そんな彼は今、顔を怒りに染めていた。それはまっとうな感想だろう、むしろこれで怒らない人間がいるのであれば、その人間は善人すぎる存在であろう。
そんなことを口に出し、頭でも出していると、唐突になんの脈絡もなくヘルゾディックの腕が吹き飛んだ。
急展開、しかし、落ち着いた様子で、落ちた腕には目もくれず、ヘルゾディックは目の前に広がる木々を見て、一言。
「誰だ、我に対し牙を突き立ててくるものは……。それは死にたいと我に言ってきているのか。」
すると、一人の男が木々の間を――いや、木々をすり抜けてこちらに歩いてきた。その男は黒い服で身をまとっており、声で性別を判断するしかないほどだった。

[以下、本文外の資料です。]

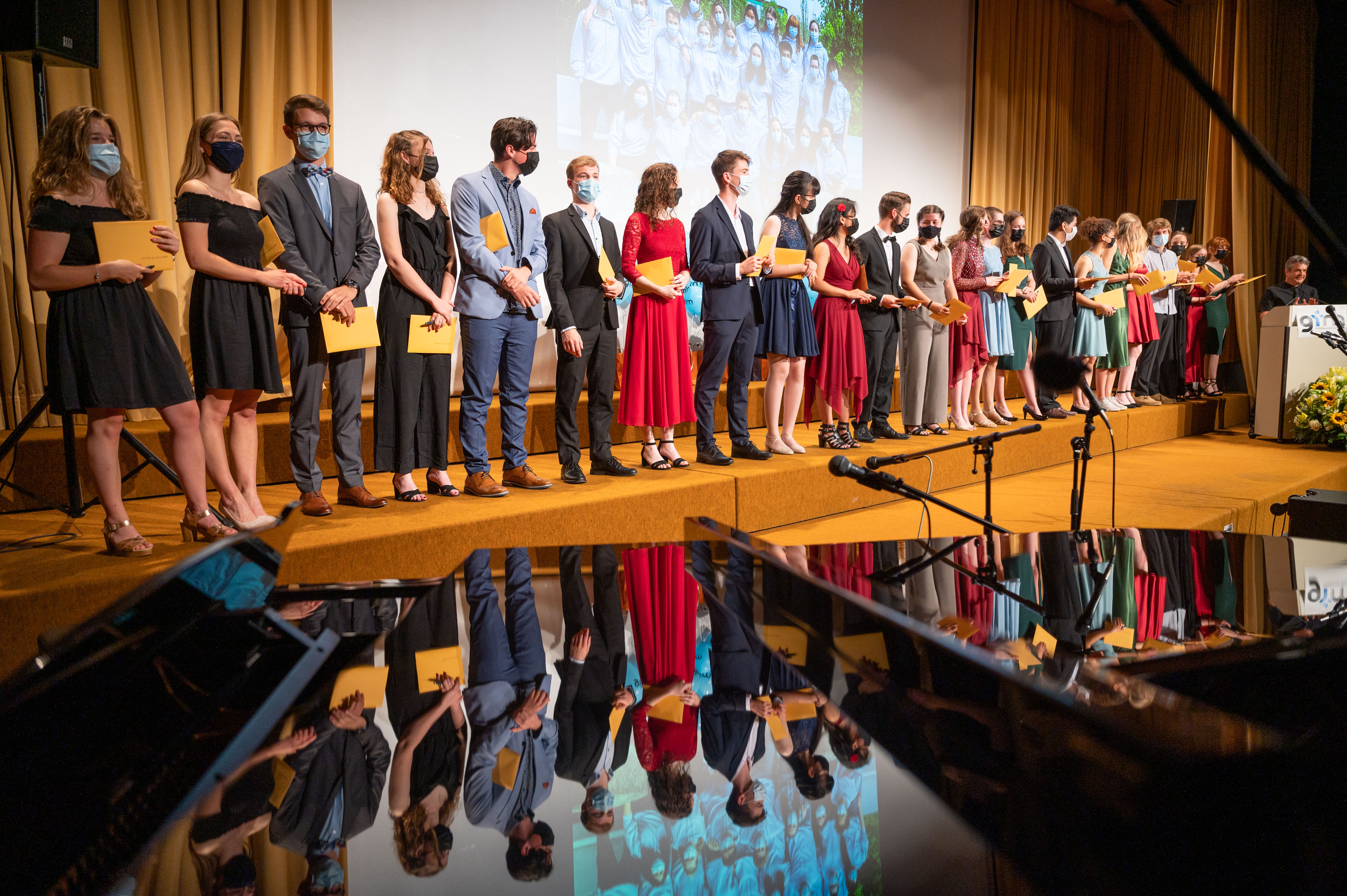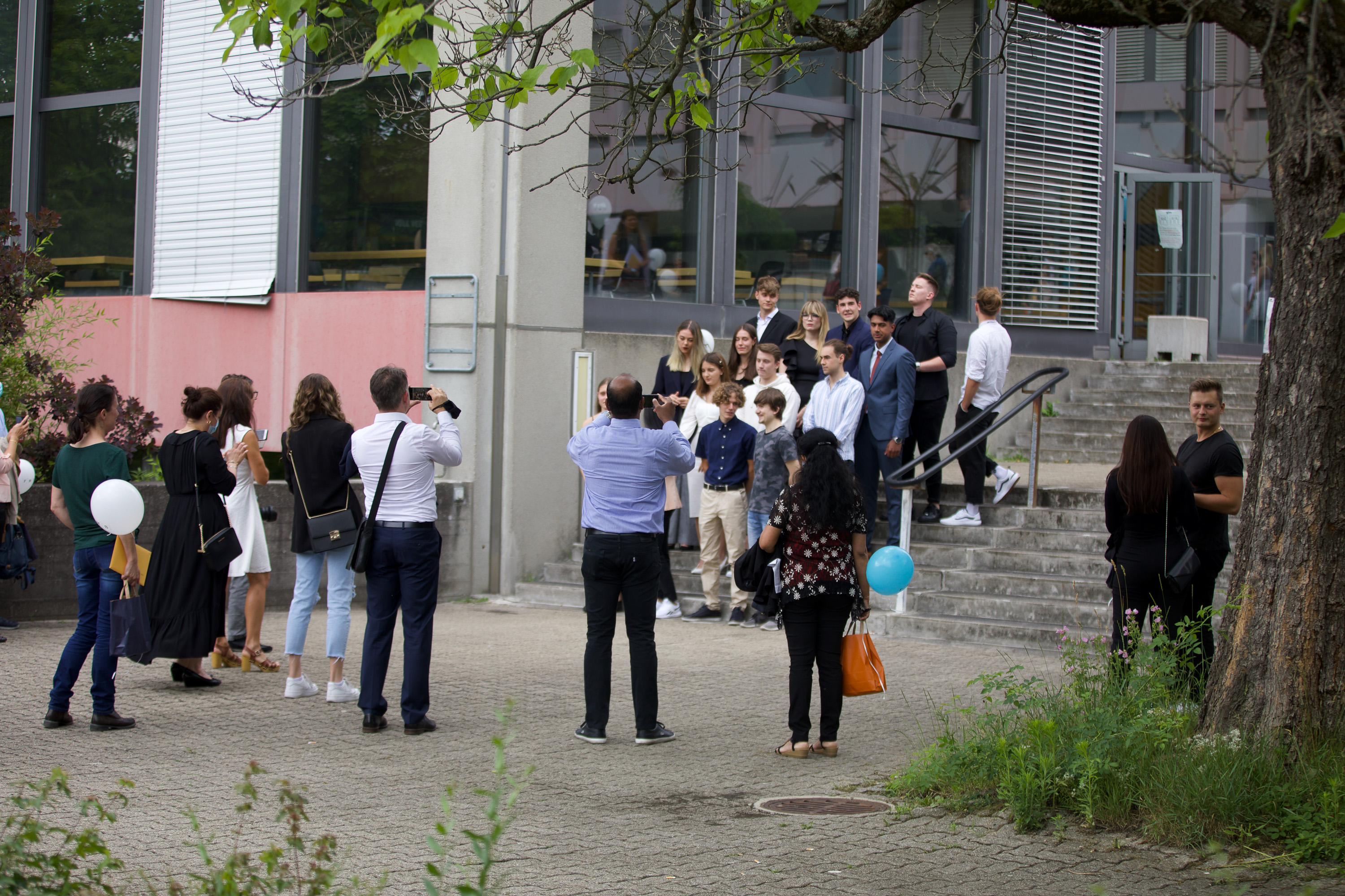 Sie war angekündigt worden als Übergabe der Maturazeugnisse. Aber wie letztes Jahr nennen wir sie trotzdem Maturfeier. Denn zum Glück durften auch dieses Jahr die Eltern und Lehrpersonen dabei sein und zusehen, wie unsere 137 Maturi und Maturae ihre Zeugnisse bekamen, klassenweise gestaffelt und leider ohne Apéro, aber gleichwohl mit musikalischer Umrahmung, mit Ansprache der Rektorin Brigitte Jäggi sowie mit einzelnen Beiträgen von Klassen und Klassenlehrpersonen. Dieses Jahr haben wir einen besonders hohen technischen Aufwand betrieben, um auch weiteren Angehörigen und Freunden in einem Livestream die Teilnahme zu ermöglichen. In unserem Zusammenschnitt unten zeigen wir nun die Zeugnisübergaben aller Klassen und einige Acts des Rahmenprogramms. Unter dem Film folgen fotografische Impressionen von Adrian Marbacher und Daniel Nussbaumer. Die Klassenfotos in voller Auflösung bilden den Schluss der Galerie. Viel Spass beim Anschauen!

「俺の名はカゲヨシ。……お前は危険な存在。殺るなら早くせねばな。」
「そうか、カゲヨシか、ゴミみたいな名だな。……では貴様の望み通り死ぬといい。」
次の瞬間、カゲヨシが立っていた場所が様々な色を出し、地を揺るがした。しかし、カゲヨシは冷や汗をかきながら、ヘルゾディックの後ろに回っており、それをヘルゾディックはそれが分かっていたのか、カゲヨシをゴミを見る目で見ていた。
「お前、それは何だ……っ」
カゲヨシは震える指を抑え、ヘルゾディックの後ろを指さした。そこには百を超える人間が、はりつけにされたように顔を歪めて空中に浮いていた。

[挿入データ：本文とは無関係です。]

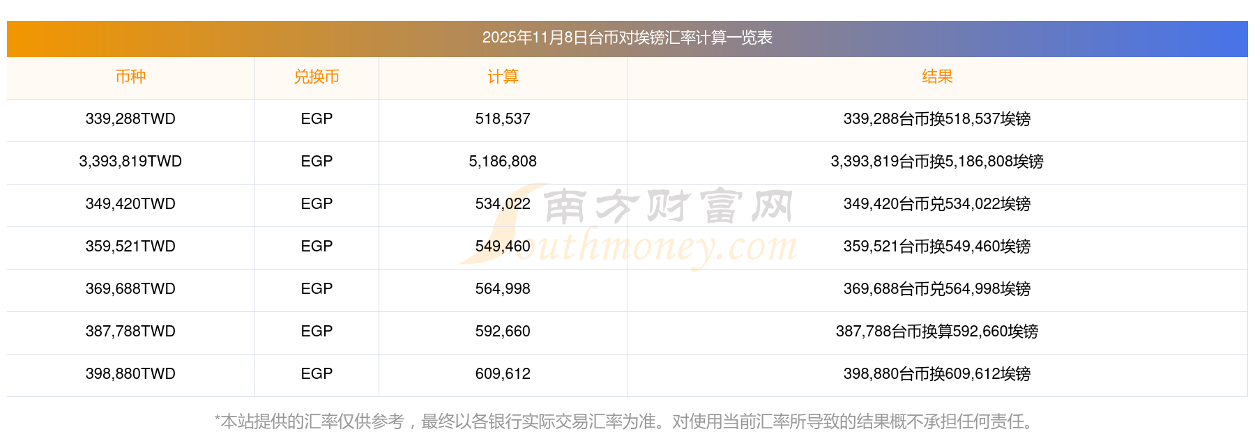 匯率實(shí)時(shí)更新!83臺(tái)幣兌換埃鎊匯率表(2025年11月8日)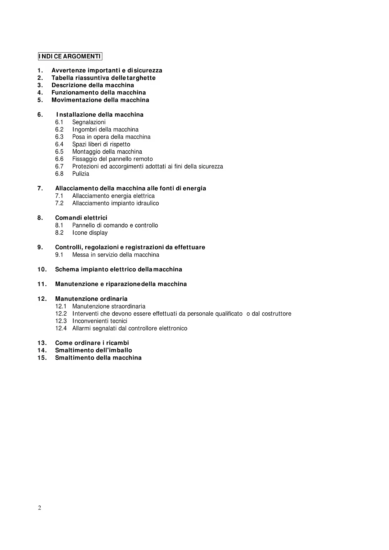Come ordinare i ricambi Dovendo ordinare delle parti di ricambio, fare riferimento al n° della matricola, riportato sulla targa della macchina. AVVERTENZA La sostituzione di parti usurate è consentita solo da personale istruito o dal costruttore.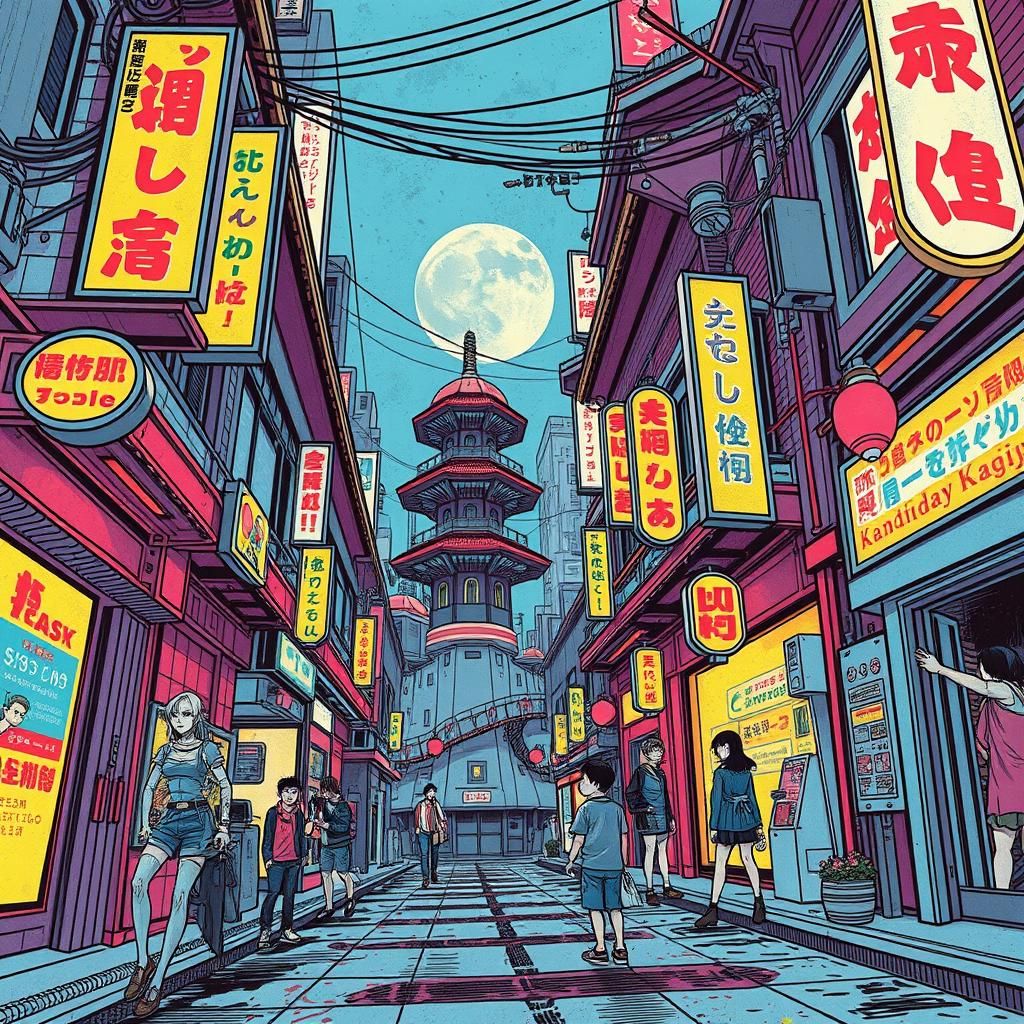 This image shows a manga scene set in a stylized and vibrant kanjuku environment. Traditional Japanese architecture is blended with futuristic elements in a neon-lit, retro-surreal aesthetic.

「これか?これはゴミをリサイクルして使っているに過ぎん。……ああ、安心しろ。これは我の能力ではない。わけあって自分の能力は使えんがな。……ん、もしやこのゴミをどうやって召喚したのかを聞いているのか、これはゴミの一つの能力だ。たりない貴様の脳でも理解できたか?」
カゲヨシはその身を恐怖によって震わせていた。目の前の男は浮いている人間をゴミと呼び、その人間の能力を使用しているのだ。そして、もっとも恐ろしいのがその人間にはまだ意識があることだ。それを知ってか知らずかヘルゾディックはなおも言葉を続ける。
「ふ、ここまで情報を明かしたことを不審に思っているのか?だが安心しろ、我はフェアに戦いたいだけだ。貴様の能力は――『結果だけを得る能力』だろ。まあゴミ共の能力、『理解力上昇能力』と『過程を作り見る能力』で導き出した答えだがな。我だけ能力を知っていると、我が有利だからな。」
「どうせの戦闘、楽しまねばな……」と言いながら、ヘルゾディックは淡々と言った。
「さあ、かかってくるがいい!!貴様を殺してやる。せいぜい俺を楽しませろ!!」
ヘルゾディックは腕を組み、見下した目でカゲヨシを見ていた。
カゲヨシは体を震わせるしかなかった。